Little Red Riding Hood

Film Review by Dean Duncan May 29, 2015

Two ways to elaborate these little archetypal fables? One is to try to make them convincing, to have them correspond in some way to actual realities. That seems difficult and perilous. I can think of examples, but you’ll angrily disagree, and then we may co-identify any number of dubious attempts.

Here we see the second way, which is to ham it up and wink a lot. Whether the perpetrators are aware of it or not, this kind of flavourful performances may derive all the way from Greek New Comedy, or the Commedia dell’arte. To wink is to fracture, or to be post-modern. Except that Cervantes did it too. Maybe the roots don’t matter so much, at least in this context. The basic thing is that you’re present, aware, contributing, expanding. That’s what the Theatre for Young Audiences movement is for, what it is. And it’s all over the best children’s media productions too.

Anyway, and all that being said, some of these performances are a hoot. John Vernon, Frances Bay’s hilarious granny, and Malcolm McDowell’s positively bone-cracking malice as he essays the part of the wolf. He and Steenburgen were married at the time, weren’t they? Yikes! Or, good luck to all of us.
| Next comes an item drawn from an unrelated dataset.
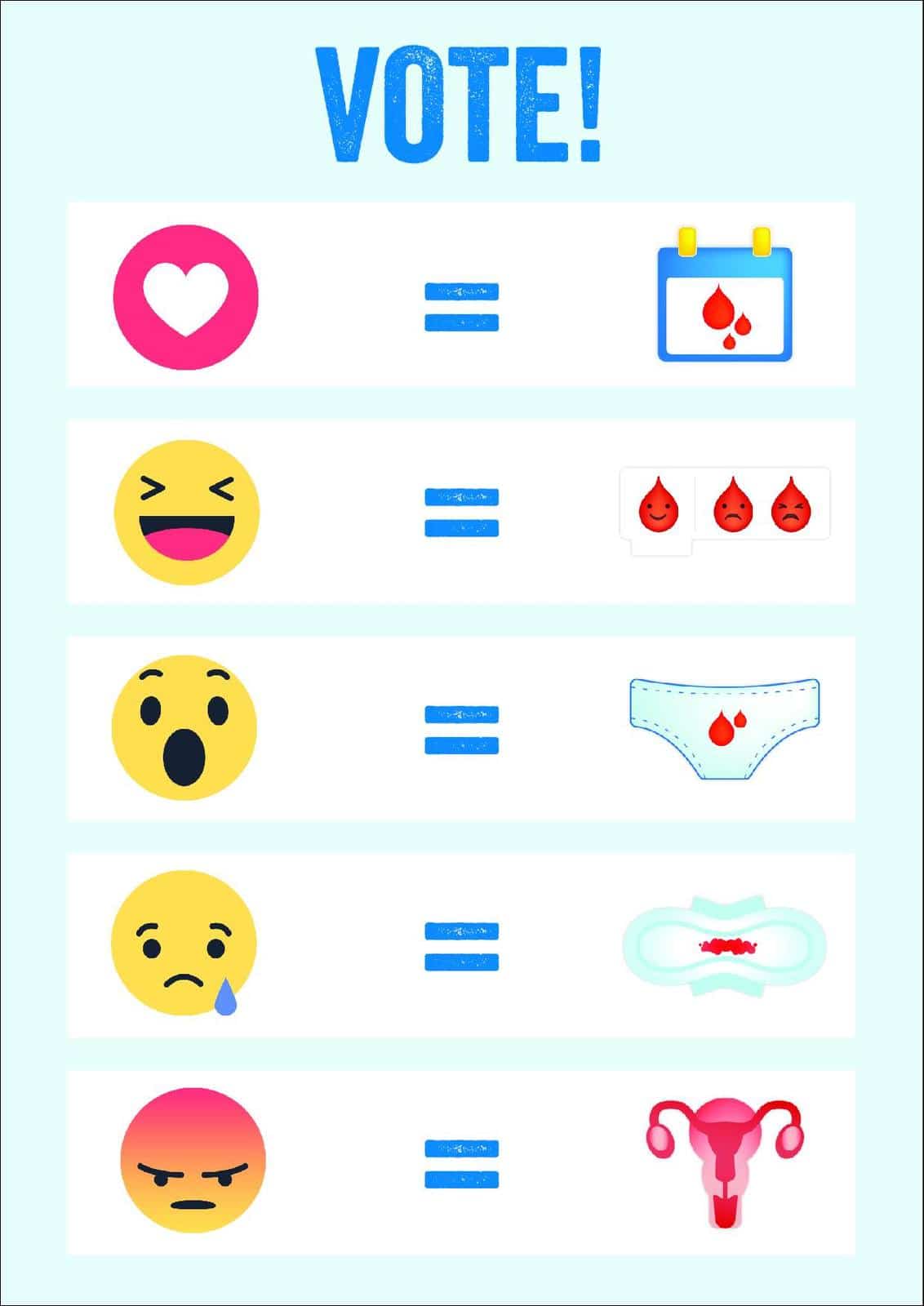 Plan International 設計了 5 款代表女生月事的 Emoji,透過 Facebook 公開讓網民投票,勝出的一款會遞交予 Unicode Consortium(統一碼聯盟),希望最後能正式加入到 Emoji 鍵盤。5 款候選 Emoji 包括了染血的衛生巾、子宮、染血的內褲、日曆和不同表情的經血。發起今次活動的 Plan International 澳州發言人表示,全球有 8 億 15 至 49 歲的女性正值經期期間,Emoji 作為通行全球的語言,卻偏偏沒有一個能代表月經的符號,而老舊的磁碟和長鼻小妖精卻有專屬 Emoji 實在非常荒謬。

True to Duvall’s take on Rapunzel (Paul Zelinsky’s beautiful rendering reflects it as well), this version of LRRH touches fairly substantially (though not exclusively) on the story’s sexual parallels, or underpinnings. Note the wolf’s rather shocking comments after eating the eponymous heroine. There’s another angle, lurking down there. It’s spectacularly addressed and articulated in Stephen Sondheim’s “I Know Things Now,” from Into the Woods. The standard tales as standardly told are full of warnings about the dire results of dalliance. But that’s not all there is to it, is there? At some point, kids will want to have sex. And after that they’ll probably, eventually, have it. That’s what fairy tales are about! Or a lot of them anyway. As mentioned in a previous posts, some huffing moralists won’t necessarily like these programs. Right they are. So is this: parents produce, care for, love, nurture and, eventually, just end up getting in the way of their flowering offspring.